[Items from a data source]
Segment Open

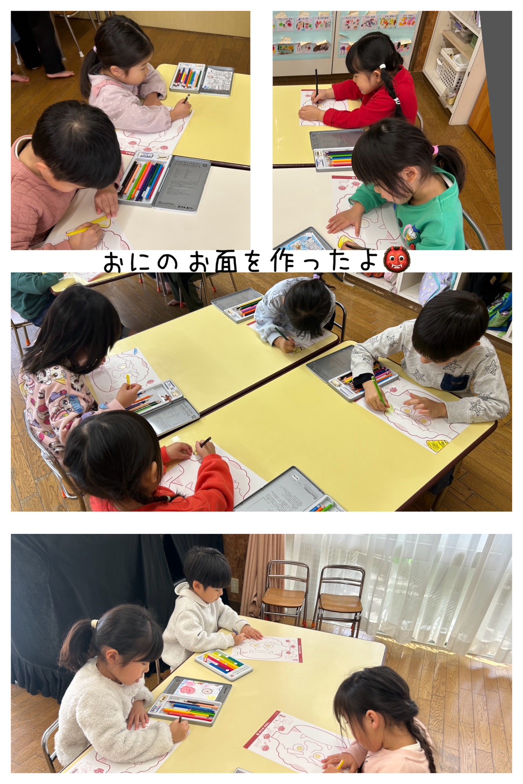 白組は節分に向けて、鬼のお面を作りました。何色の鬼にしようか楽しく話ながら、作ることができました。節分について、話を聞きながら、豆まきの歌も歌いました。
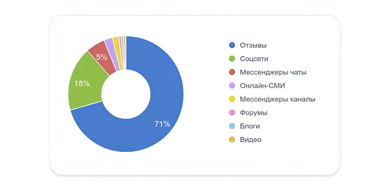 Анализ источников сразу выявил интересный инсайт. Ключевой формат обратной связи от клиентов — отзывы. На них приходится 71% упоминаний. Соответственно, предстояло работать не с комментариями и вопросами, а напрямую с реальным клиентским опытом.
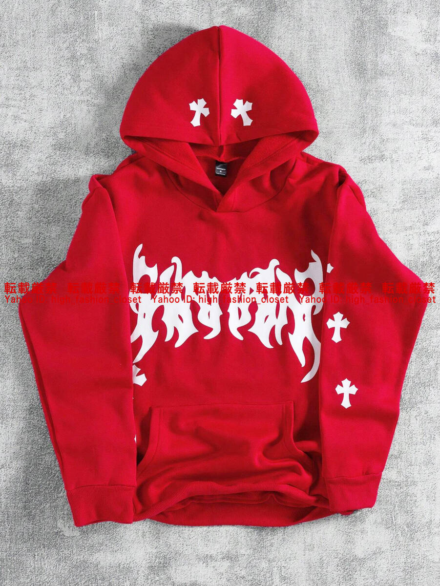 > 【送料無料】美品 SHEIN クロスプリント プルオーバー パーカー 長袖 オーバーサイズ 男女兼用 韓国ファッション K-POP Y2K XU DOG
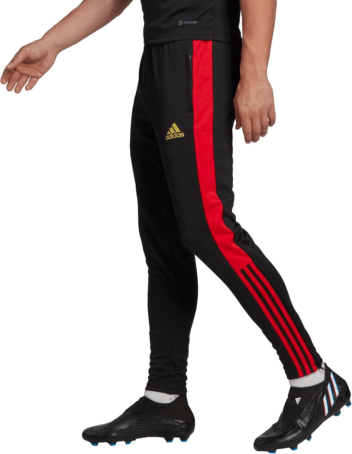 Few players can pair speed, technique and charisma like Mohamed Salah. These adidas soccer pants honor his ability as much as persona. AEROREADY helps keep you dry, whether you're braving the heat outside or pushing through the last minutes of training. Star details on the trim embody his rise to superstardom. The golden crown logo gives the pants a look fit for a king.
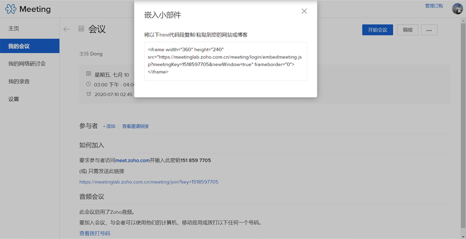 在您的网站嵌入、开展网络会议
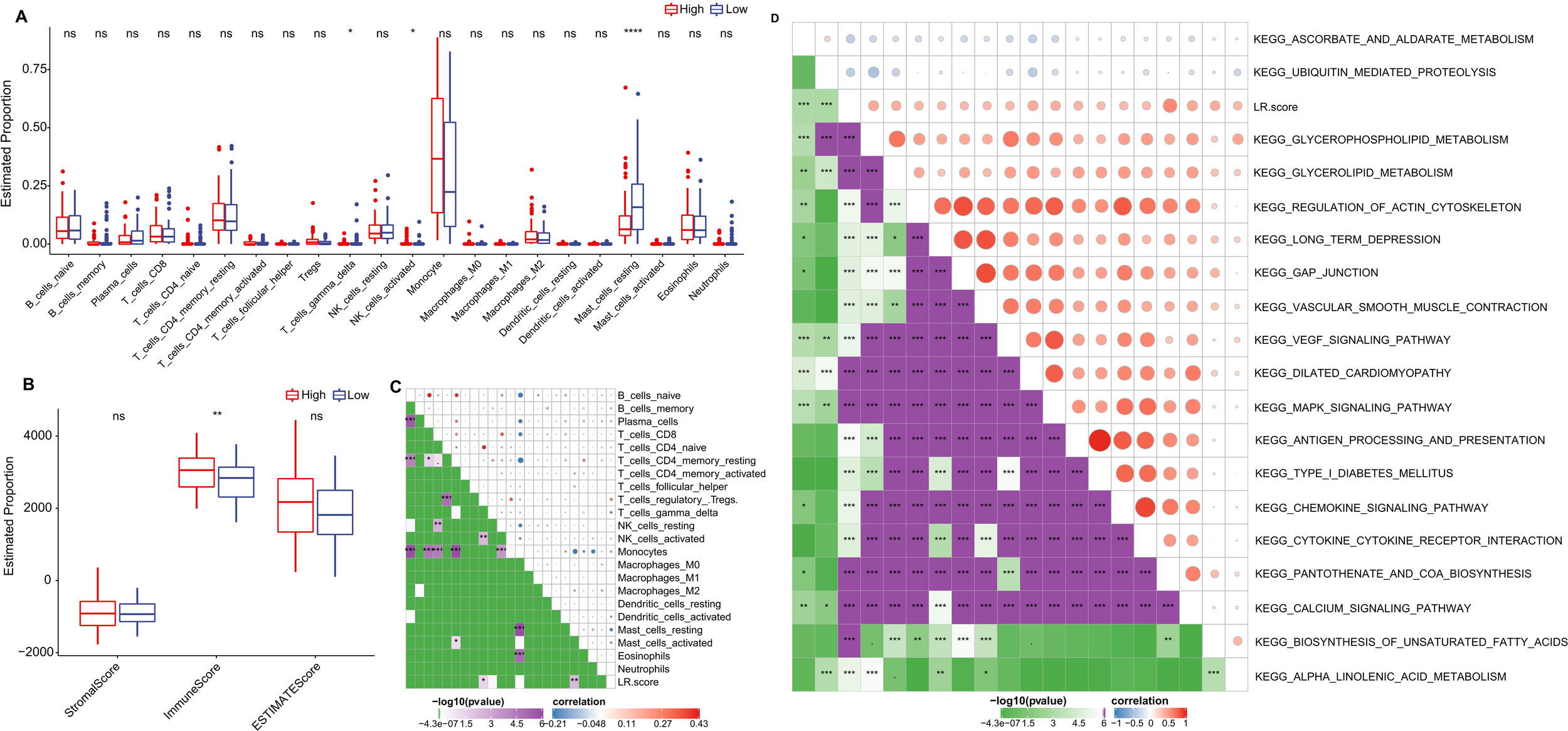 Role of LR.score in Immune Infiltration and Pathway Activation. (A, B) Distribution of immune cell types and stromal-immune scores between high and low LR.score groups in the TCGA-LAML cohort. (C, D) Correlation analyses between immune cell components, KEGG pathways, and the LR.score.

Segment Closed

TASK REQUIREMENTS: Begin at the line containing "在您的网站嵌入、开展网络会议" and stop at the final line of the data. Retype those lines exactly, without the pictures.

EXERCISE OUTPUT:
 在您的网站嵌入、开展网络会议
 Role of LR.score in Immune Infiltration and Pathway Activation. (A, B) Distribution of immune cell types and stromal-immune scores between high and low LR.score groups in the TCGA-LAML cohort. (C, D) Correlation analyses between immune cell components, KEGG pathways, and the LR.score.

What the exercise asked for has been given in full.